From the songs themselves to the mysterious artwork and proudly unconventional visual elements for the album’s accompanying DVD that the band have spent the last year piecing together, In Waves is what happens when a great band take control of their affairs, remembering what made them special in the first place and celebrating that with unprecedented passion and verve. Trivium may never reproduce that first, invigorating rush of success, but they are now fully equipped to march into the future, emboldened by each other and inspired by the knowledge that they looked disaster in the face and laughed.
“This ain’t fucking around,” deadpans Corey. “There’s something we’ve captured on this record, this unexplainable fire and energy in the performances that the other records didn’t have. This record gets you jacked up. Our manager was like, ‘Man, every time I listen to the record I wanna go and punch somebody!’ It’s one of those metal records, like when I was a kid and I heard Slayer for the first time. I went ‘Fuck yeah!’ and it sparked something in me.”

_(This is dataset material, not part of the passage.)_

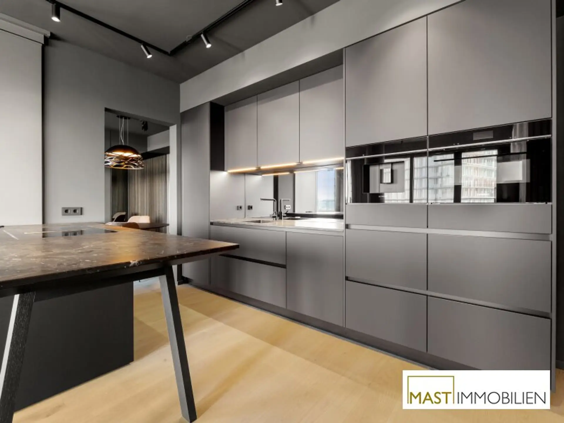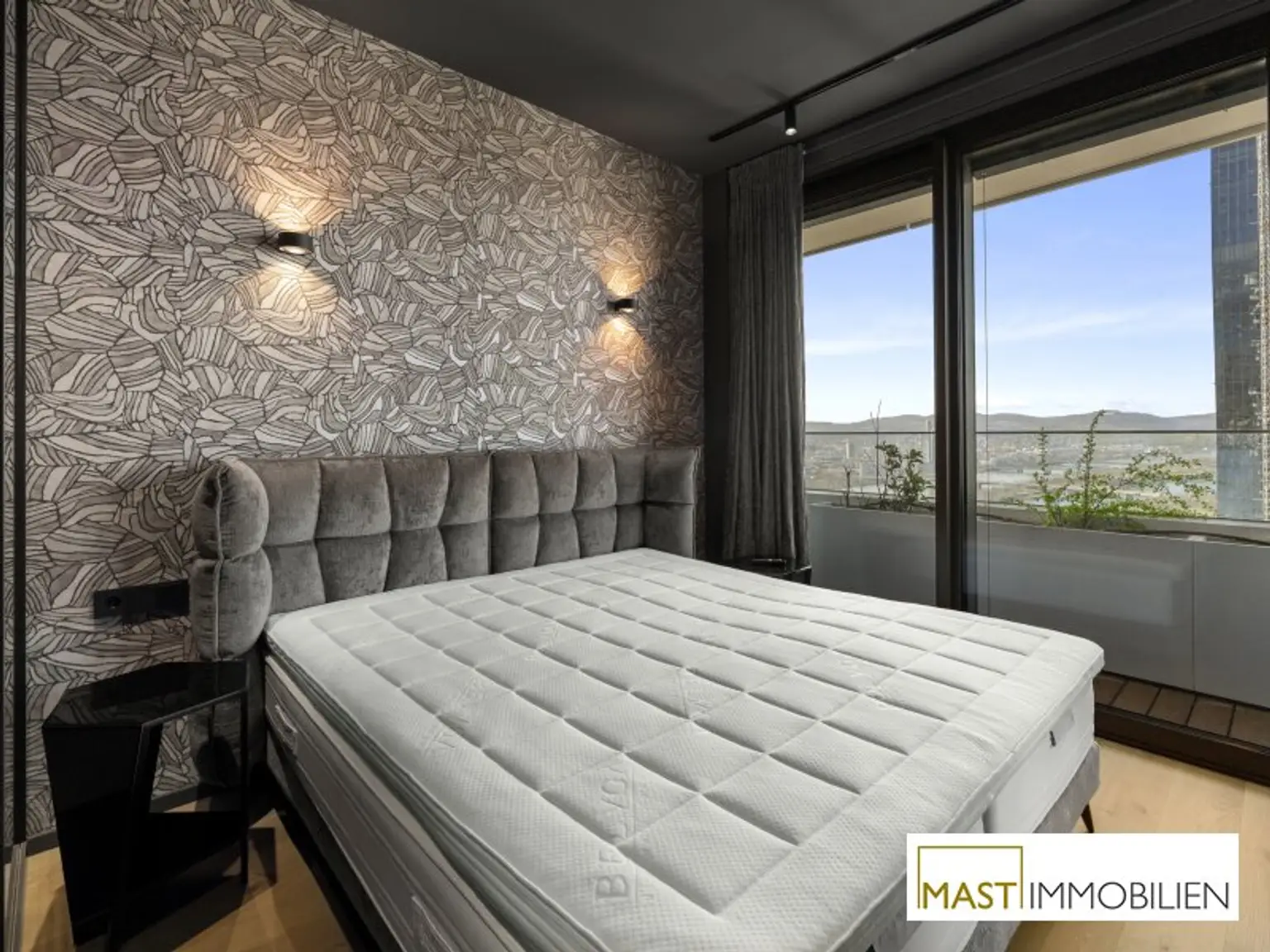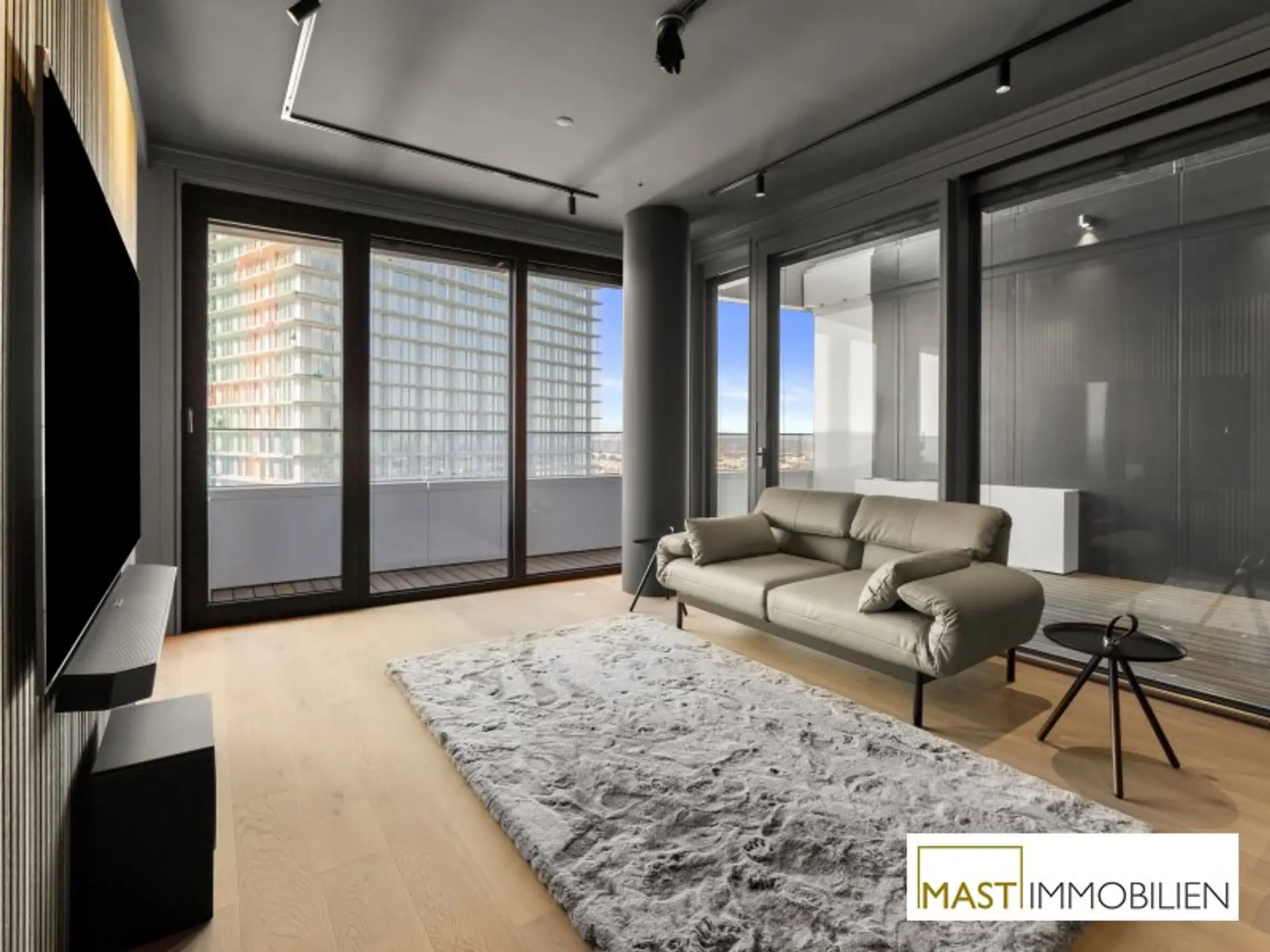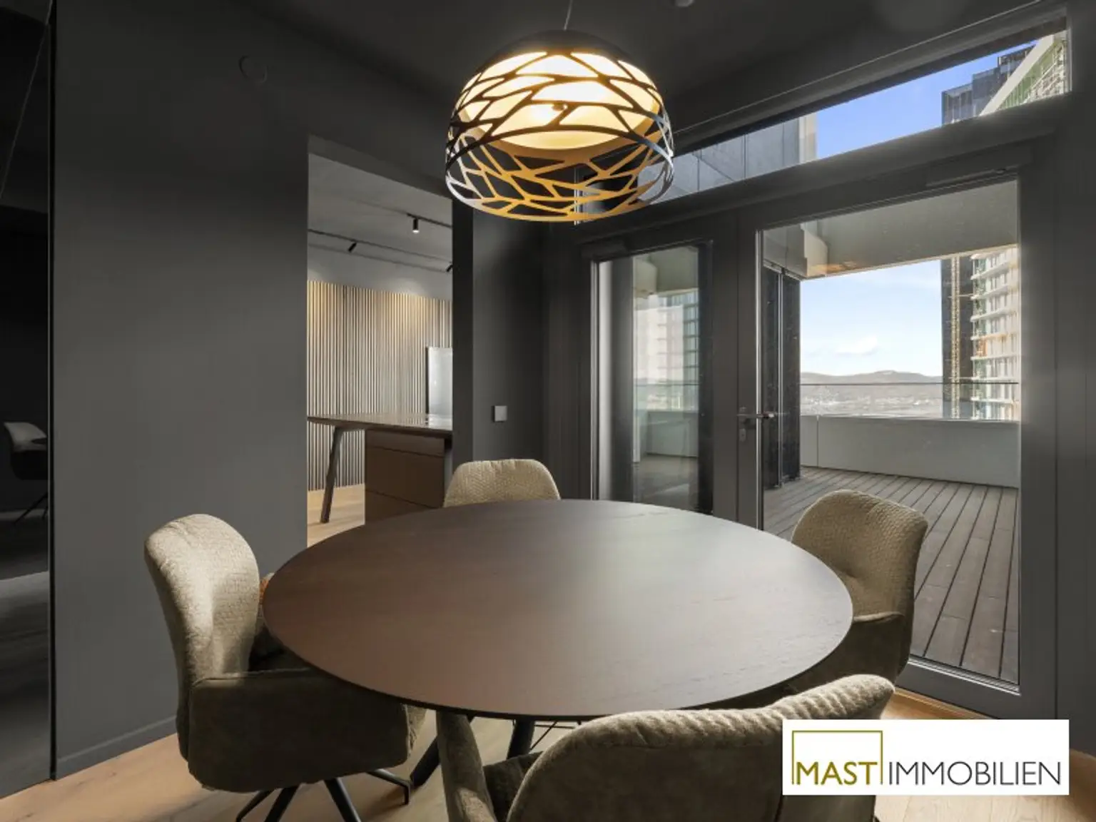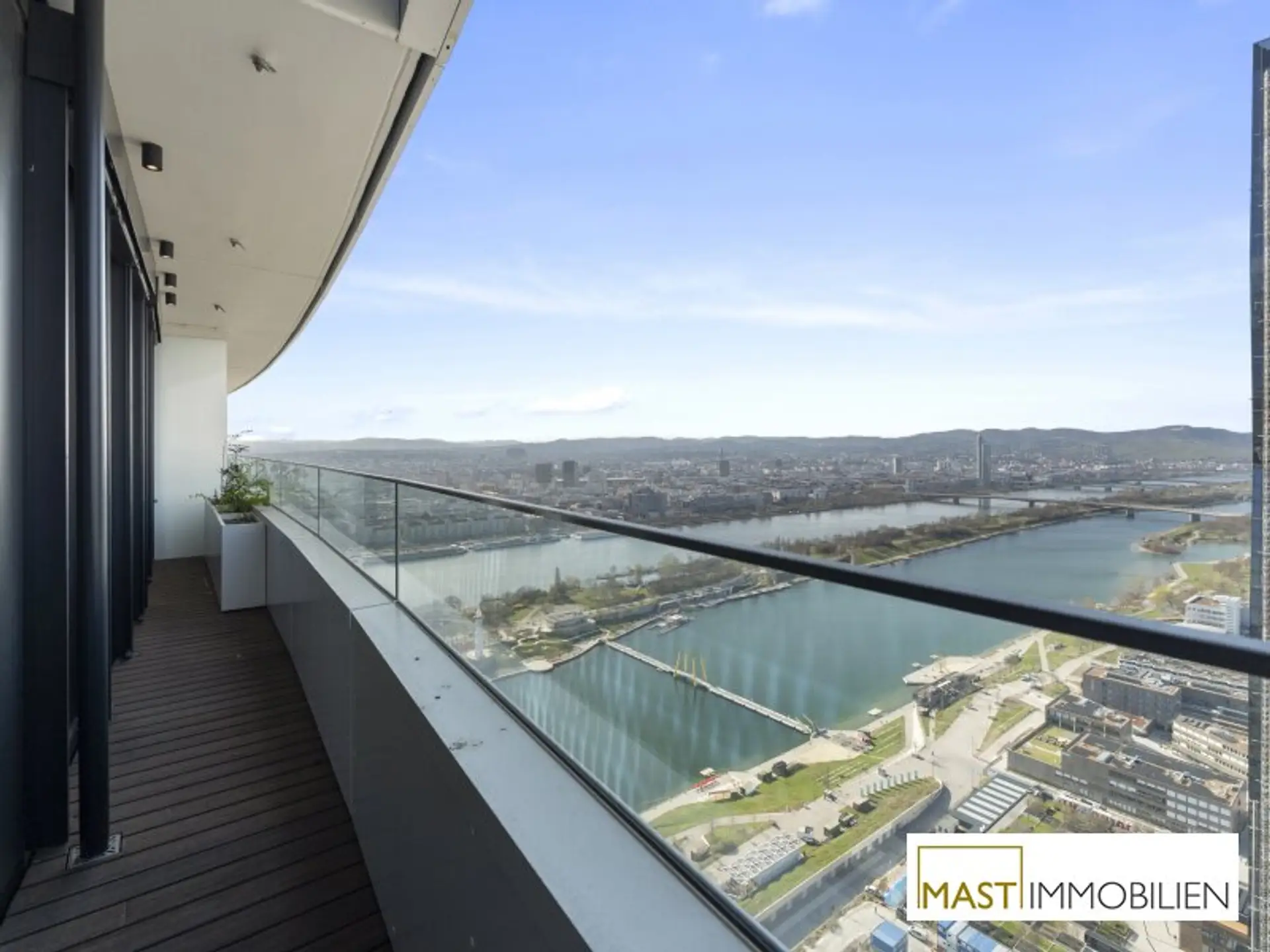 Diese außergewöhnliche, voll möblierte Wohnung im 40. Stock der DANUBEFLATS bietet ein Wohnerlebnis auf internationalem Niveau. Auf einer Wohnfläche von 66,95 m² mit einer 11,51 m² großen Loggia sowie einem 8,35 m² großen Balkon eröffnet sich ein spektakulärer Panoramablick auf die Donau und den Kahlenberg.

“We feel so prepared now,” concludes Matt. “I look at the bands that got me into metal and I see that their songwriting is dwindling, their art is looking cornier, and it makes me angry to see that in the US, metal isn’t cool anymore. I want to change the game. That’s the goal now. Regardless of any positive, negative or mediocre response, we’re gonna do exactly what we want to do and have a good time doing it.”